Background and motivation

From time to time there's a need to not only check whether stack contains a bubbling up exception, but also to get access to the exception itself.

For example, in Open Telemetry library ExceptionProcessor uses Marshal.GetExceptionPointers to check whether exception is thrown withing the scope of activity.

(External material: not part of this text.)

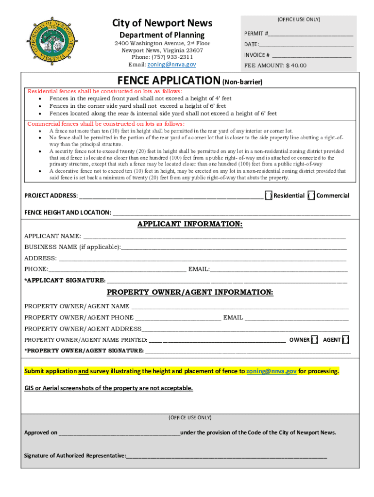 VA Fence Application (Non-Barrier) - City of Newport News 2023-2026 free printable template
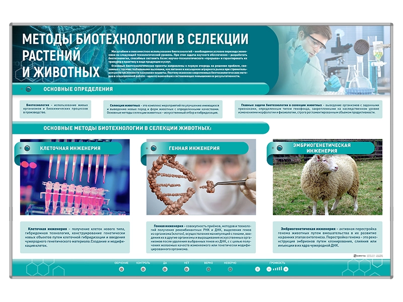Представляет собой комплект из двух стендов, один из которых иллюстрирует основные понятия о методах биотехнологии в селекции растений, а другой основные понятия о методах биотехнологии в селекции растений животных.

However, if I don't want `OperationCancelledException' to be treated as an error, I need to have access to the instance of the exception thrown. Currently, there's no such possibility.

API Proposal

Well, I am not familiar with the intricacies of CLR, and whether such API is conceptually possible, but something like adding property to AppDomain could work:

public sealed class AppDomain
{
    public Exception? CurrentException {get;}
}

throw should set this property (overwriting previous value), catch with matching exception should set it to null.

API Usage

try
{
    throw new Exception();
}
finally
{
    // Here it is not null;
      Console.WriteLine(AppDomain.CurrentDomain.CurrentException is not null);
}
try
{
    throw new Exception();
}
catch
{
    // Here it is null;
   Console.WriteLine(AppDomain.CurrentDomain.CurrentException is null);
}
finally
{
    // Here it is null;
   Console.WriteLine(AppDomain.CurrentDomain.CurrentException is null);
}
try
{
    throw new Exception();
}
catch
{
    // Here it is null;
   Console.WriteLine(AppDomain.CurrentDomain.CurrentException is null);

   throw;
}
finally
{
    // Here it is not null;
   Console.WriteLine(AppDomain.CurrentDomain.CurrentException is not null);
}

Not sure whether value should propagate with async.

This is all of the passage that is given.